Data excerpt:
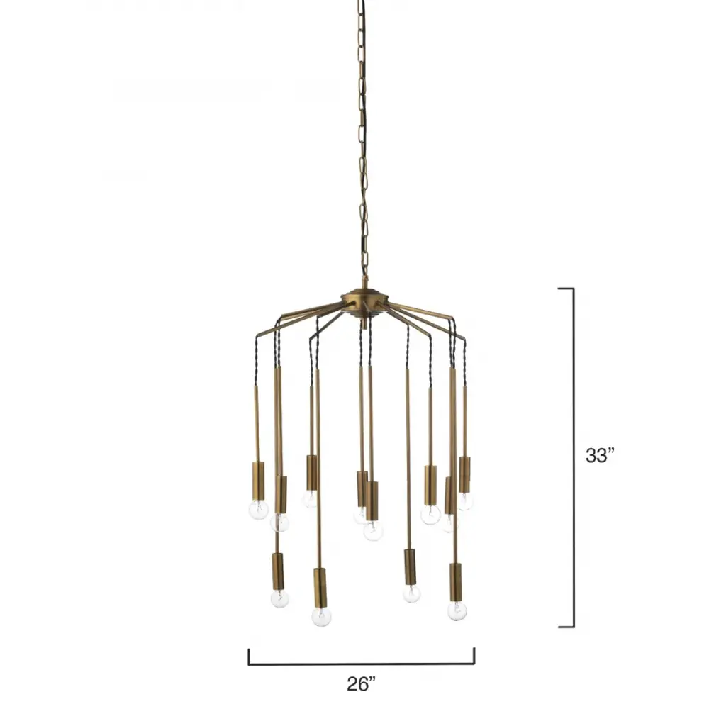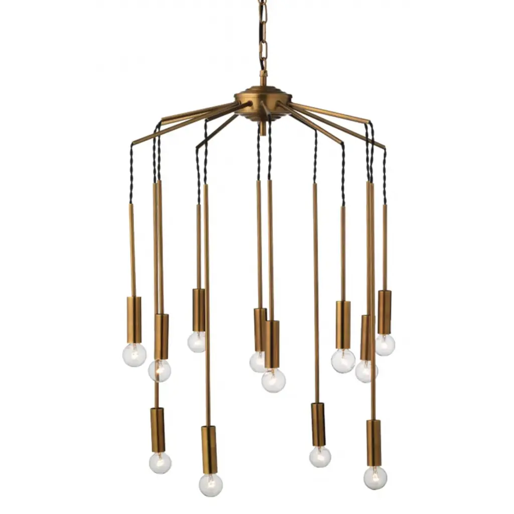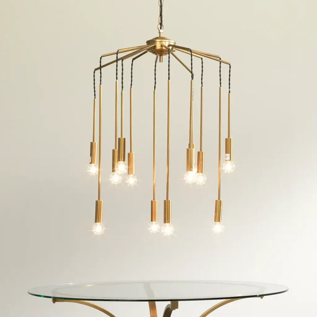With vintage vibes and organic form, this statement lighting fixture adds an artistic touch to any room. The simple silhouette features antique brass finished metal arms with cascading down rods in varying heights and exposed bulbs. Placed over a round dining table or conversation area, this fixture is sure to be a conversation starter!
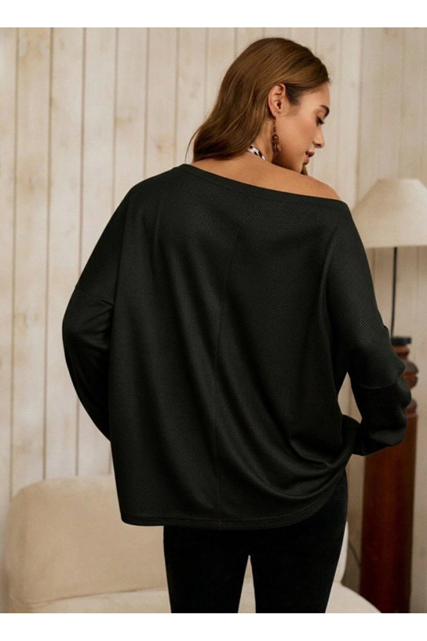 Kadın Tek Omuzdan Açık Yarasa Kollu Waffle Bluz
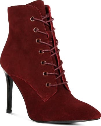 A spiked, stiletto heel supports the divine silhouette of a pointed-toe boot furnished with adjustable laces and a side zipper for easy on-and-off access.

What you need to do:
Starting at the line that holds "Kadın Tek Omuzdan" and stopping at the last line of the listing above, write out each line exactly as it appears, and omit the pictures.

Response below:
 Kadın Tek Omuzdan Açık Yarasa Kollu Waffle Bluz
 A spiked, stiletto heel supports the divine silhouette of a pointed-toe boot furnished with adjustable laces and a side zipper for easy on-and-off access.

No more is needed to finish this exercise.